Exercise aim:
What you return must be the data below, word for word, without any images.

Dataset extract:
__________________________________________________

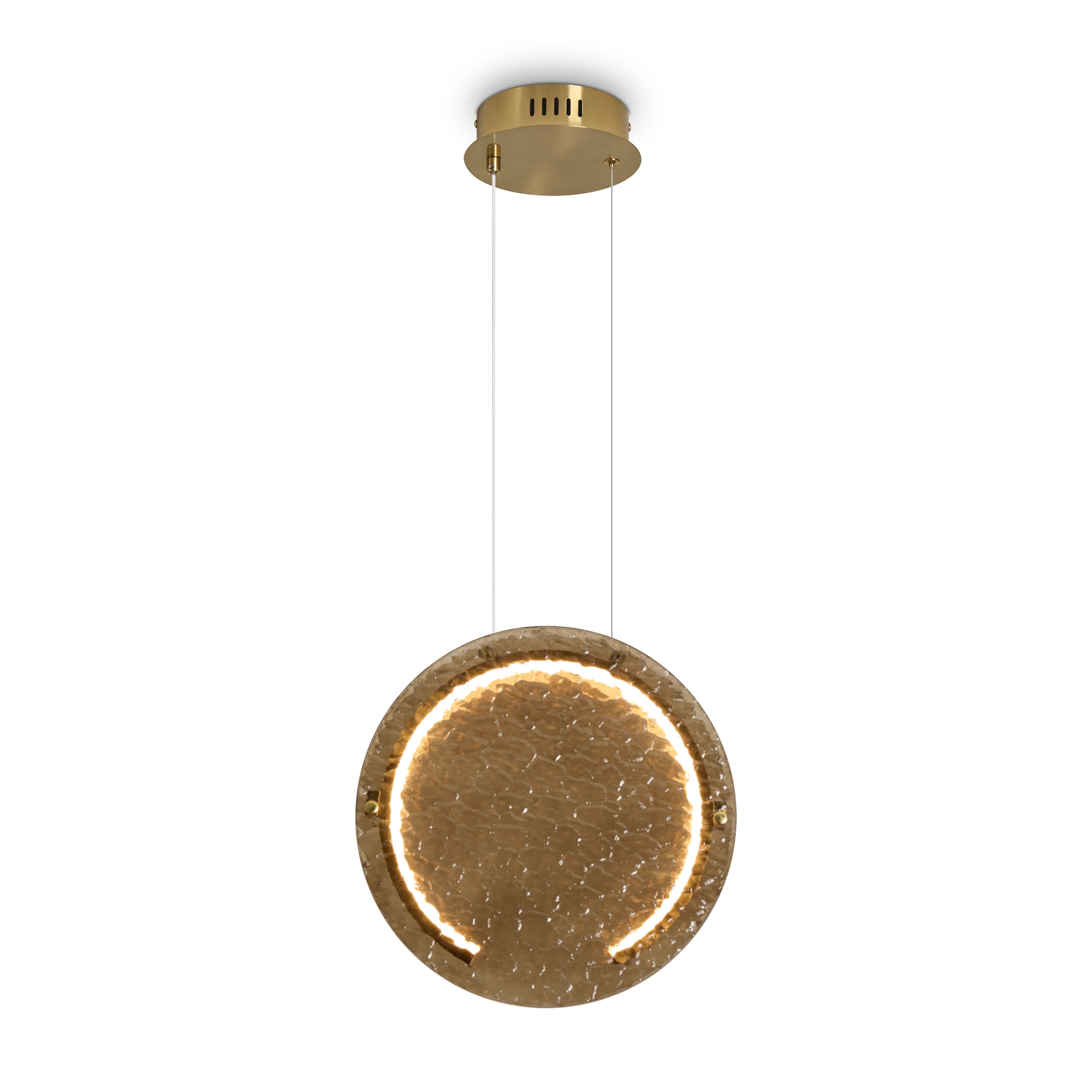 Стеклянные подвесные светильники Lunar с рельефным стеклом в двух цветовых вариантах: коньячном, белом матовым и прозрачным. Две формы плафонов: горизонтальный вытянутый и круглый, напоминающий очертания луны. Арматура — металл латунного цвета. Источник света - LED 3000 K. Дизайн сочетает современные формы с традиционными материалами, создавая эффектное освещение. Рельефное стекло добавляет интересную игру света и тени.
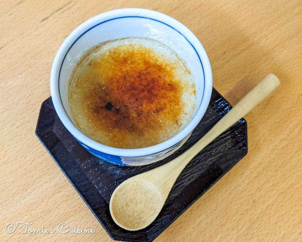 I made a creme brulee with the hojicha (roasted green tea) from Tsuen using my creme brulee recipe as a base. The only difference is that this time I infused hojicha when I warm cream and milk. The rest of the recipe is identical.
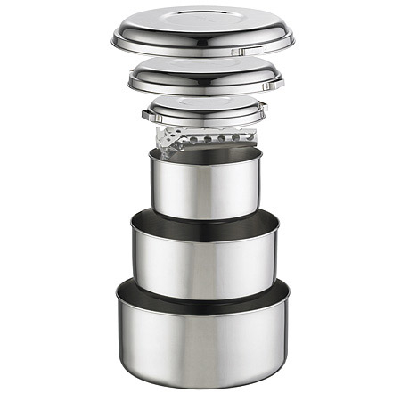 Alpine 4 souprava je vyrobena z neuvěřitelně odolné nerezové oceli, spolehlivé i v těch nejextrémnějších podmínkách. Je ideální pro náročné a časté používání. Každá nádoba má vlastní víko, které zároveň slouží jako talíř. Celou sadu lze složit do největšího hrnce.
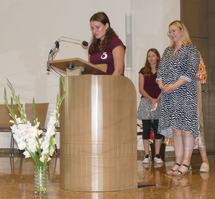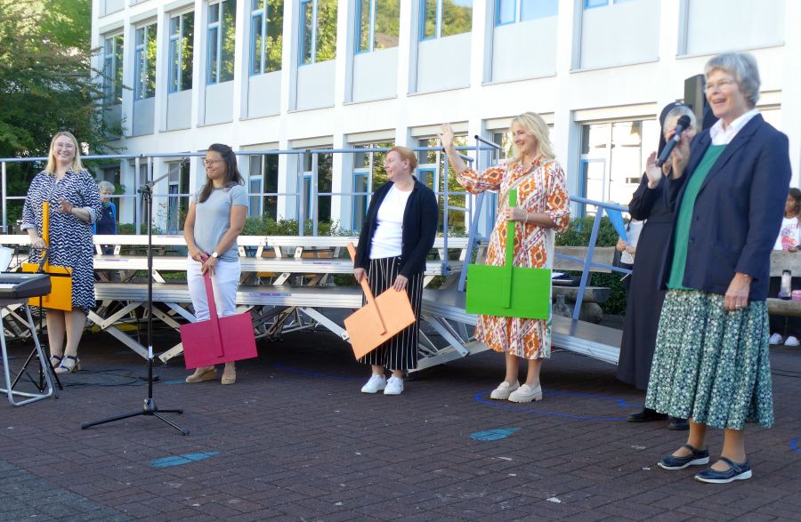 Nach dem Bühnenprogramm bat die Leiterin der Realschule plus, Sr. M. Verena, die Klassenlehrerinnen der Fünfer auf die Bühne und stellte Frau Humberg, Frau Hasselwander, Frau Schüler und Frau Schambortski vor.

__________________________________________________

Reply to the exercise:
 Стеклянные подвесные светильники Lunar с рельефным стеклом в двух цветовых вариантах: коньячном, белом матовым и прозрачным. Две формы плафонов: горизонтальный вытянутый и круглый, напоминающий очертания луны. Арматура — металл латунного цвета. Источник света - LED 3000 K. Дизайн сочетает современные формы с традиционными материалами, создавая эффектное освещение. Рельефное стекло добавляет интересную игру света и тени.
 I made a creme brulee with the hojicha (roasted green tea) from Tsuen using my creme brulee recipe as a base. The only difference is that this time I infused hojicha when I warm cream and milk. The rest of the recipe is identical.
 Alpine 4 souprava je vyrobena z neuvěřitelně odolné nerezové oceli, spolehlivé i v těch nejextrémnějších podmínkách. Je ideální pro náročné a časté používání. Každá nádoba má vlastní víko, které zároveň slouží jako talíř. Celou sadu lze složit do největšího hrnce.
 Nach dem Bühnenprogramm bat die Leiterin der Realschule plus, Sr. M. Verena, die Klassenlehrerinnen der Fünfer auf die Bühne und stellte Frau Humberg, Frau Hasselwander, Frau Schüler und Frau Schambortski vor.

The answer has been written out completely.